Your bias and hatred has clouded your mind. I'll refrain from curse words though.


----------



## Matthew Maurer (Oct 17, 2002)

HeyTM good to see you long time no see. As for JJ he would have been drafted no doubt but please don't make it sound like he would have been a top 15 pick. 25-30 I give him that if he came out last year.....


----------



## rainman (Jul 15, 2002)

ThatBlazerGuy said:


> Their basically twins, only one is 4 inches taller and a slightly better rebounder while the other is 4 inches shorter and a slightly better 3 point shooter.

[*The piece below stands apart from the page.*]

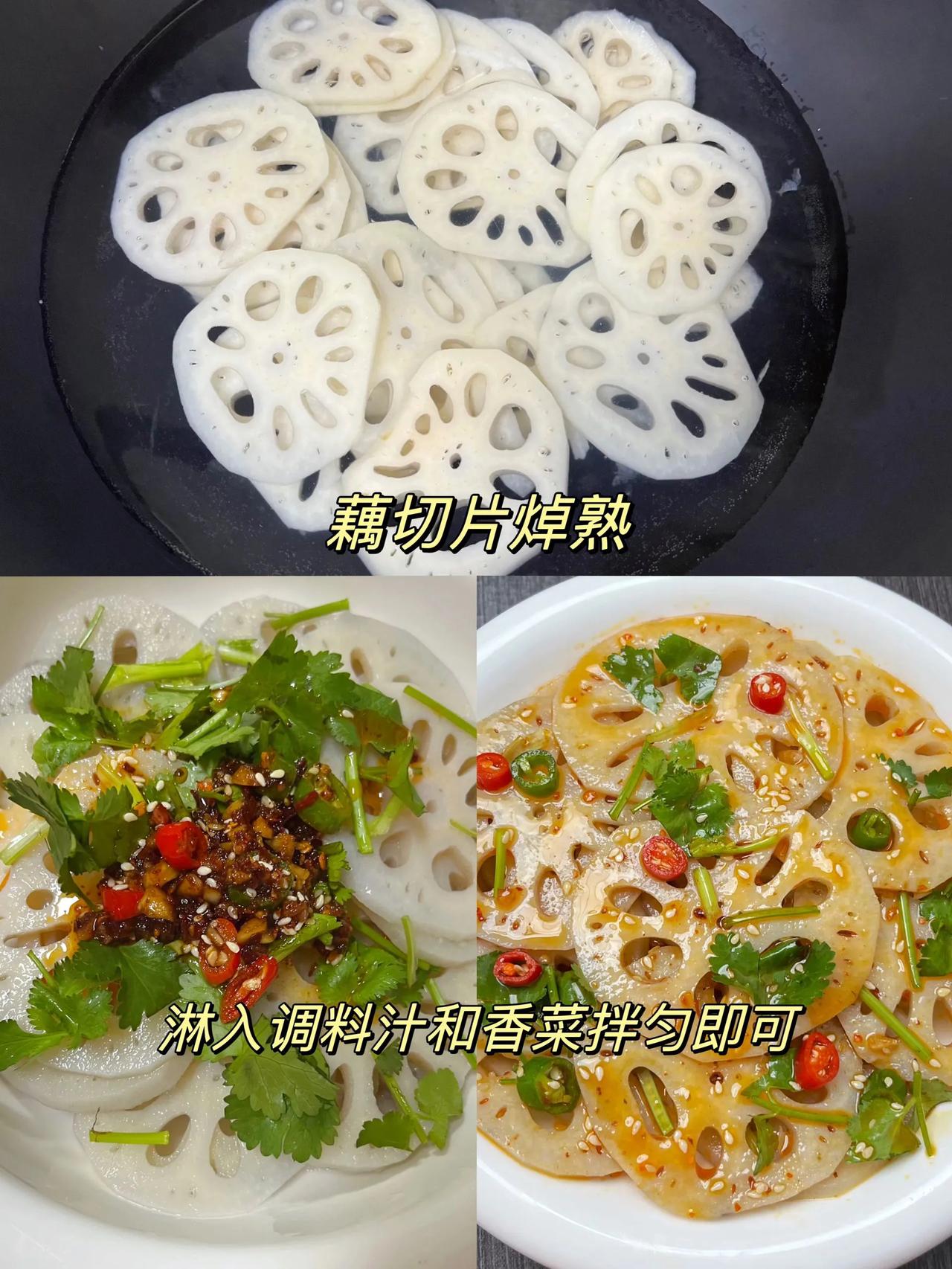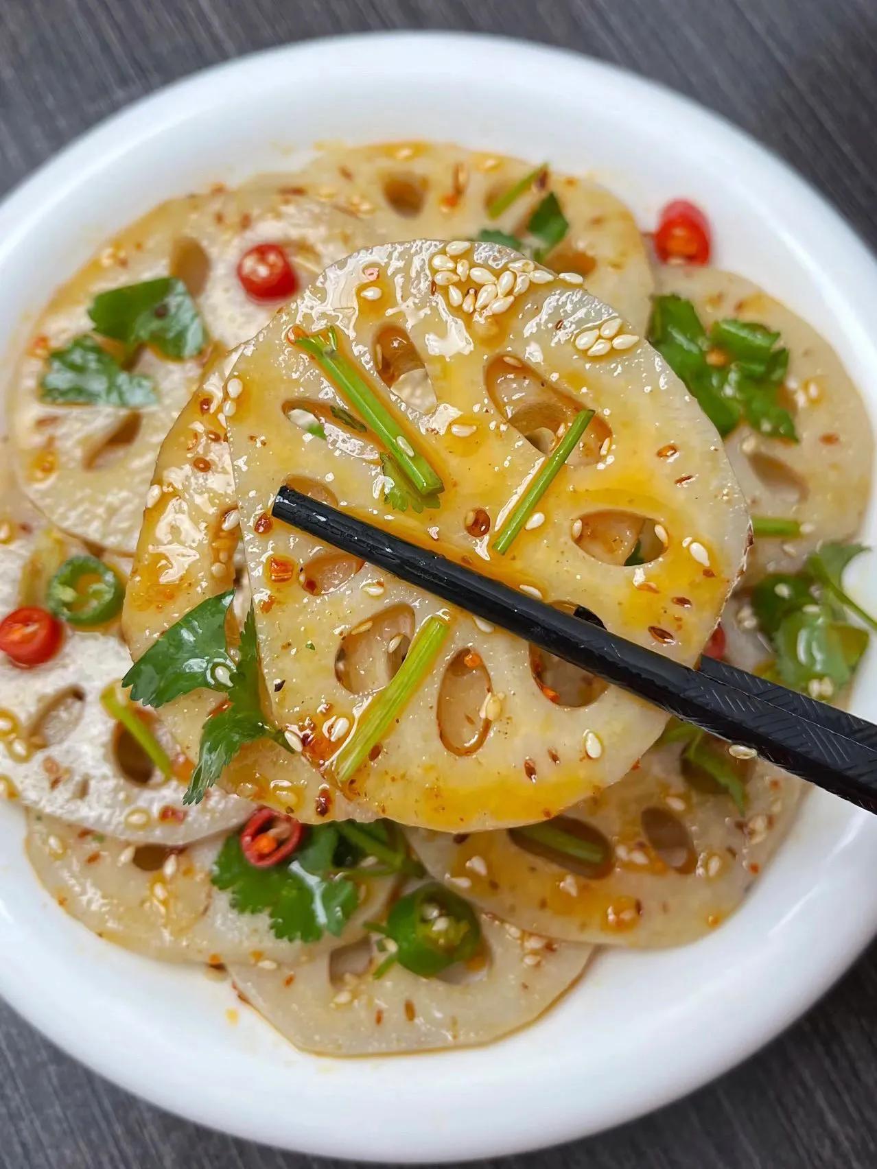 建议女孩子把晚餐换成这个! 今天分享一道凉拌酸甜藕片~藕片薄薄的又脆脆的,香香辣辣、酸酸甜甜~ 做法: 1、调料汁:碗中放芝麻、辣椒粉、蒜末、小米辣、葱花,淋1勺热油激发出香味后,再加1勺生抽、1勺香醋、1勺蚝油、少许盐和白糖拌匀; 2、藕切片焯熟,淋入调料汁和香菜拌匀即可。

thats a pretty good analysis thats why the bashing of one by supporters of the other never made any sense to me. i think both are better than people tend to give them credit for in the areas of athletecism and talent. i have thought morrison is better able to create his own shot but maybe those extra inches enables him to do that. ideally either will go to a good situation where they will have the necessary players around them for them to flourish, i think a toronto with a chris bosh or an atlanta with a dwight howard and a darko milic would compliment their games both offensively and defensively. a team like atlanta,golden state or the bulls(knicks pick) would probably not be the best.


----------



## zagsfan20 (Dec 24, 2004)

TM said:


> Your bias and hatred has clouded your mind. I'll refrain from curse words though.


I don't hate Redick whatsoever....I just can't stand his fans who feel the need to try to demean Morrison's accomplishments and greatness to try and make Redick look better....


----------



## The Truth (Jul 22, 2002)

zagsfan20 said:


> I don't hate Redick whatsoever....I just can't stand his fans who feel the need to try to demean Morrison's accomplishments and greatness to try and make Redick look better....



You're doing the exact same thing with Redick.


----------



## TM (Jun 30, 2003)

zagsfan20 said:


> I don't hate Redick whatsoever....I just can't stand his fans who feel the need to try to demean Morrison's accomplishments and greatness to try and make Redick look better....



Fair enough. I still love'em both. And, I still like you too, zagsfan :laugh:


----------



## iverson101 (Mar 4, 2006)

zagsfan20 said:


> I don't hate Redick whatsoever....I just can't stand his fans who feel the need to try to demean Morrison's accomplishments and greatness to try and make Redick look better....


pot, kettle....


----------



## zagsfan20 (Dec 24, 2004)

Tell me where I have came out and tried to put down Redick or his accomplishments without being provoked...


----------



## Dez24 (Feb 28, 2005)

I'd take the "unimpressive" JJ Redick anyday of the week. (I'd also take "unimpressive" Morrison)


----------



## WhoDaBest23 (Apr 16, 2003)

Bump. :biggrin:


----------



## futuristxen (Jun 26, 2003)

Both guys suck. This draft sucks. If you are a lottery team this year, you're getting a decent role player--if you're lucky. There better be some damn good foriegn born players in this draft, otherwise it's going to be the worst draft since that draft Pervis Ellison.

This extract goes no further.